> **WORK INSTRUCTIONS**: All of the data below should be printed again word for word, pictures excluded.

> **PROVIDED MATERIAL**:
=== Section Start ===

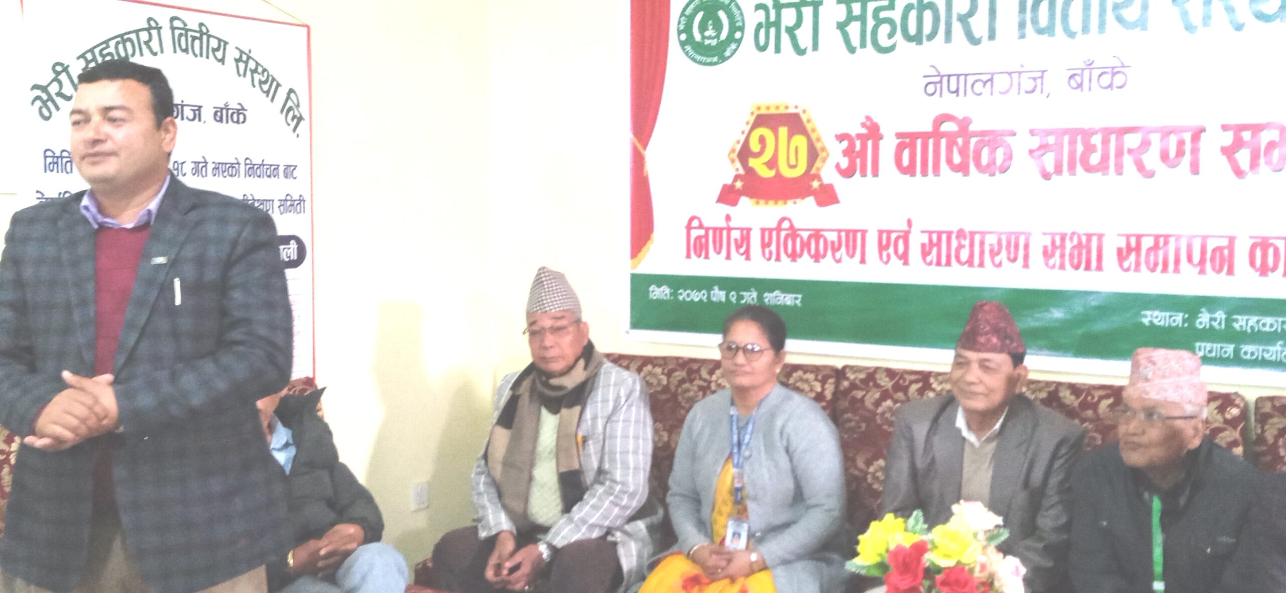 ०९ पौष, बाँके । भेरी सहकारी वित्तीय संस्था लिमीटेडको २७ औं वार्षिक साधारणसभा निर्णय एकिकरण एवम् समापन समारोह कार्यक्रम गरिएको छ । साधारणसभाका प्रमुख अतिथि जिल्ला सहकारी संघ बाँकेका अध्यक्ष ÷जिल्ला सहकारी संघ प्रदेशका अध्यक्ष प्रेम प्रसाद सुवेदी सहकारी सस्ंथाले पहिलाको भन्दा अहिले धेरै
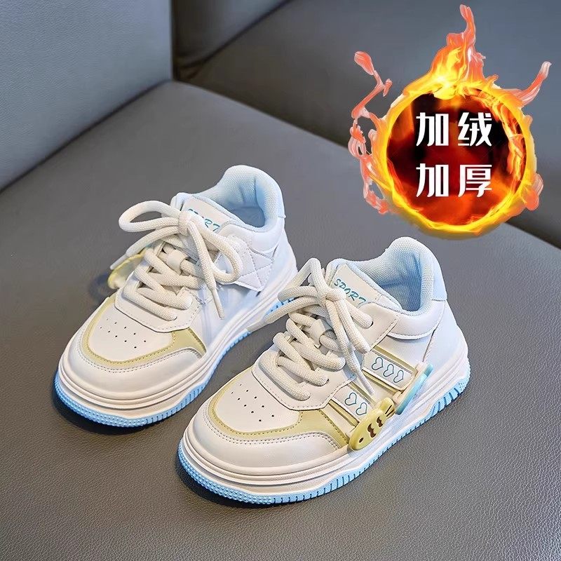 小黄鸭女童2025年冬季新款儿童百搭运动鞋中大童加绒板鞋小白鞋潮
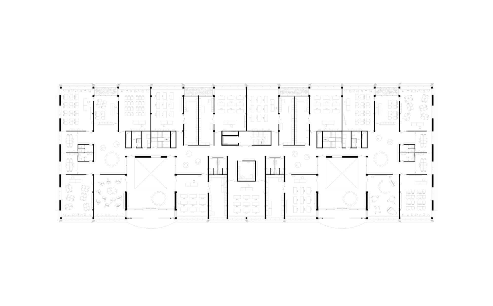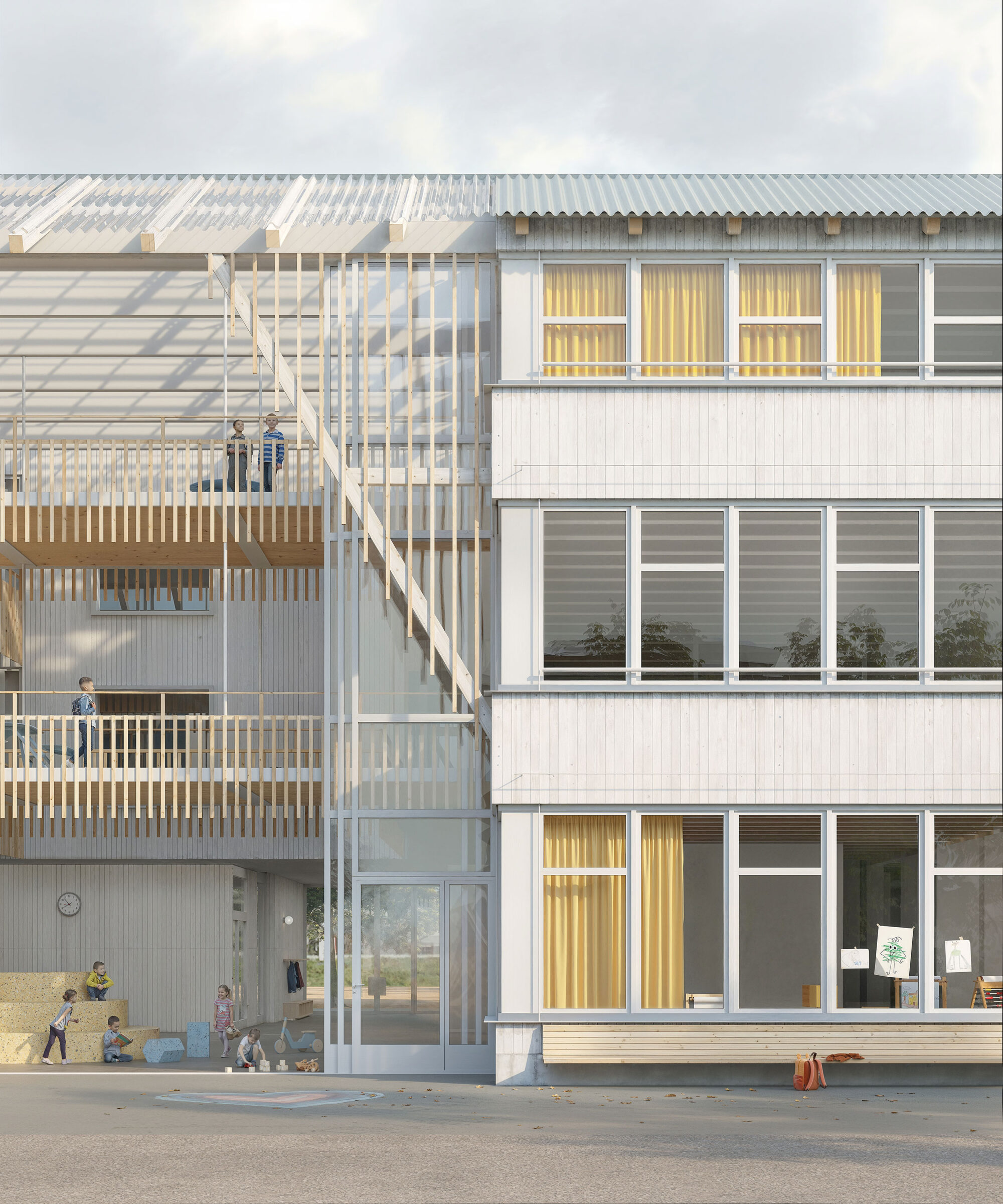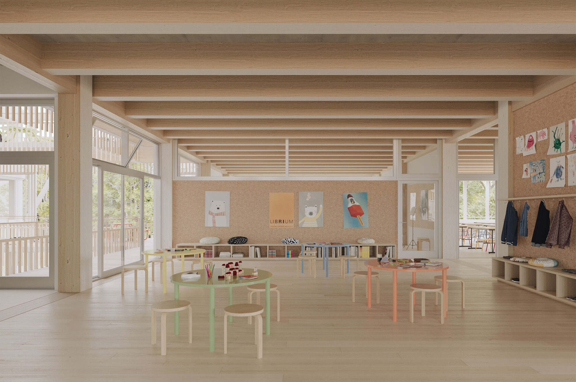 The school is conceived as an open timber structure with two large inner courtyards functioning as climatic buffer zones. These light-filled spaces remain open in summer and can be enclosed in winter, serving as flexible foyers, outdoor classrooms and meeting areas. Public functions such as the assembly hall, library, cafeteria and day-care facilities are located on the ground floor, while the upper levels are organised into educational clusters. The clusters are designed in a residential-like manner, with central learning zones, open visual connections and quiet retreat spaces. Flexible spatial structures allow for future adaptations and different pedagogical concepts.

=== Section End ===

> **EXPECTED OUTPUT**:
 ०९ पौष, बाँके । भेरी सहकारी वित्तीय संस्था लिमीटेडको २७ औं वार्षिक साधारणसभा निर्णय एकिकरण एवम् समापन समारोह कार्यक्रम गरिएको छ । साधारणसभाका प्रमुख अतिथि जिल्ला सहकारी संघ बाँकेका अध्यक्ष ÷जिल्ला सहकारी संघ प्रदेशका अध्यक्ष प्रेम प्रसाद सुवेदी सहकारी सस्ंथाले पहिलाको भन्दा अहिले धेरै
 小黄鸭女童2025年冬季新款儿童百搭运动鞋中大童加绒板鞋小白鞋潮
 The school is conceived as an open timber structure with two large inner courtyards functioning as climatic buffer zones. These light-filled spaces remain open in summer and can be enclosed in winter, serving as flexible foyers, outdoor classrooms and meeting areas. Public functions such as the assembly hall, library, cafeteria and day-care facilities are located on the ground floor, while the upper levels are organised into educational clusters. The clusters are designed in a residential-like manner, with central learning zones, open visual connections and quiet retreat spaces. Flexible spatial structures allow for future adaptations and different pedagogical concepts.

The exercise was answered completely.